C. S. Lewis Scholar to Speak for 2011 Convocation

C. S. Lewis Scholar to Speak for 2011 Convocation

Dr. Louis Markos (Photo: Michael Tims)

Noted C. S. Lewis scholar Louis Markos will be the featured speaker for the 2011 Convocation at Southwestern Adventist University. The annual event is scheduled for the Keene Seventh-day Adventist Church on Friday evening, Sept. 2, beginning at 8.

“Convocation is a reminder of our roots in the Western University tradition,” says President Eric Anderson.   The annual event features a guest speaker, inspiring music and a procession by teaching faculty in full academic regalia. The intention of the service is to set the tone for the school year.

Louis Markos’ topic for Convocation will be “Defending the Faith: Learning to Be an Apologist,” where he will use C. S. Lewis as an example of a Christian apologist who “made it possible to be an intellectually fulfilled Christian while still living in a modern, post-Enlightenment world.” His talk will encourage students to offer a logical defense for their faith.

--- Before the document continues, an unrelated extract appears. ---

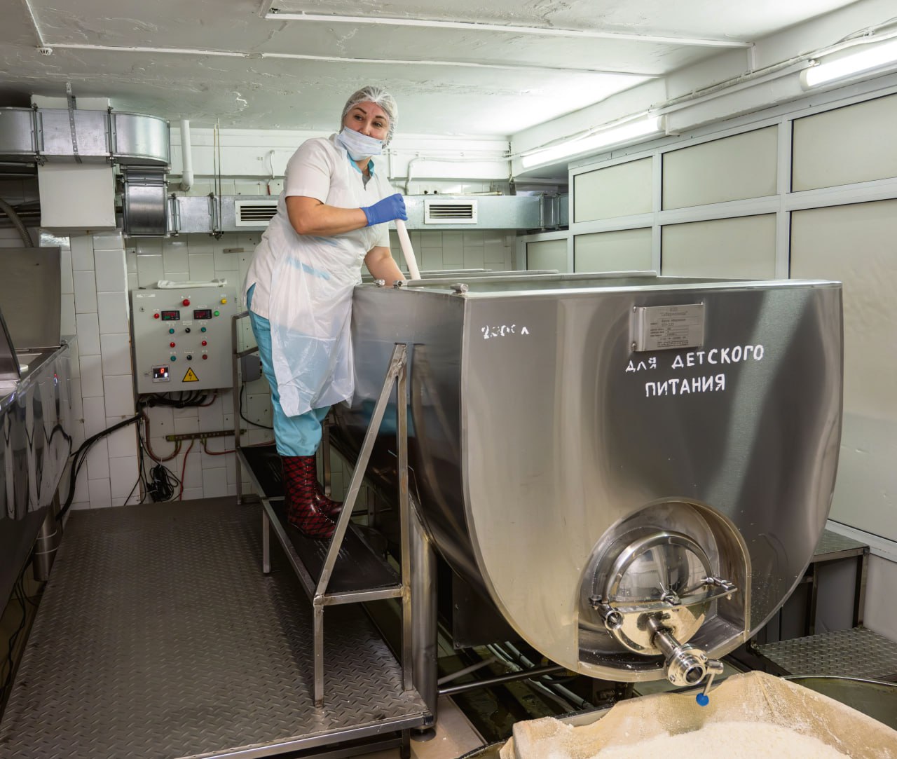 Производство любого продукта начинается с приемки молока: каждое утро, около семи часов, его привозят и сразу проверяют в лаборатории, после чего сырье перегружается в большие стационарные цистерны. Затем оно по трубам из нержавеющей стали (при помощи насосов) отправляется на верхний этаж, проходит пастеризацию, гомогенизацию и распределяется по цехам: в одном будут готовить йогурт, в другом — творог, в третьем — коктейль и так далее.

Markos is a professor in English and Scholar in Residence at Houston Baptist University and holds the Robert H. Ray Chair in Humanities.  At HBA he offers courses in British Romantic Poetry, Literary Theory and the Classics, as well as in Victorian Poetry and Prose, Seventeenth-Century Poetry and Prose, C. S. Lewis, Mythology, Epic and Film.

Markos speaks all over the United States, generally on topics related to C. S. Lewis, but embracing more widely science, the arts, education and apologetics.

In addition to his presentation for Convocation, Markos will speak on “God and Science: Evidence for Design in the Universe” as the opening presenter for this year’s Saxon Lecture Series. “God and Science” will be presented at the Wharton Auditorium at 4 p.m. on Saturday, September 3.

Marcos is the author of three books: From Achilles to Christ: Why Christians Should Read the Pagan Classics, Pressing Forward: Alfred, Lord Tennyson and the Victorian Age, and Lewis Agonistes: How C. S. Lewis Can Train Us to Wrestle with the Modern and Postmodern World.

He has also produced two lecture series with the Teaching Company, an organization that hires accomplished professors from around the country to put together lecture series. His first series offers a 2,500-year survey of literary theory: From Plato to Postmodernism: Understanding the Essence of Literature and the Role of the Author. His second series offers an overview and analysis of all the major works of his favorite author: The Life and Writings of C. S. Lewis.

“I am dedicated to the concept of the professor as public educator,” says Markos. “I firmly believe that knowledge must not be walled up in the academy, but must be freely and enthusiastically disseminated to all those ‘who have ears to hear.’ As a specifically Christian professor, I also adhere to a second goal: to fuse into a single stream the humanist strivings of Athens and the Christian truths of Jerusalem.

“My call is to teach Christian students that they need not be afraid of knowledge, but that indeed all truth is God’s truth,” he says. “I teach them that it is the duty of every enlightened individual to seek to know and to participate in the flow of human ideas through a study of and a grappling with the major expressions of the human imagination, and that this duty is not inconsistent with Scripture but is rather a sublime affirmation that man IS a rational creature created in the image of God whose deepest yearnings are for the Way, the Truth and the Life.”

Convocation services and the Saxon Lecture Series are free and open to the public.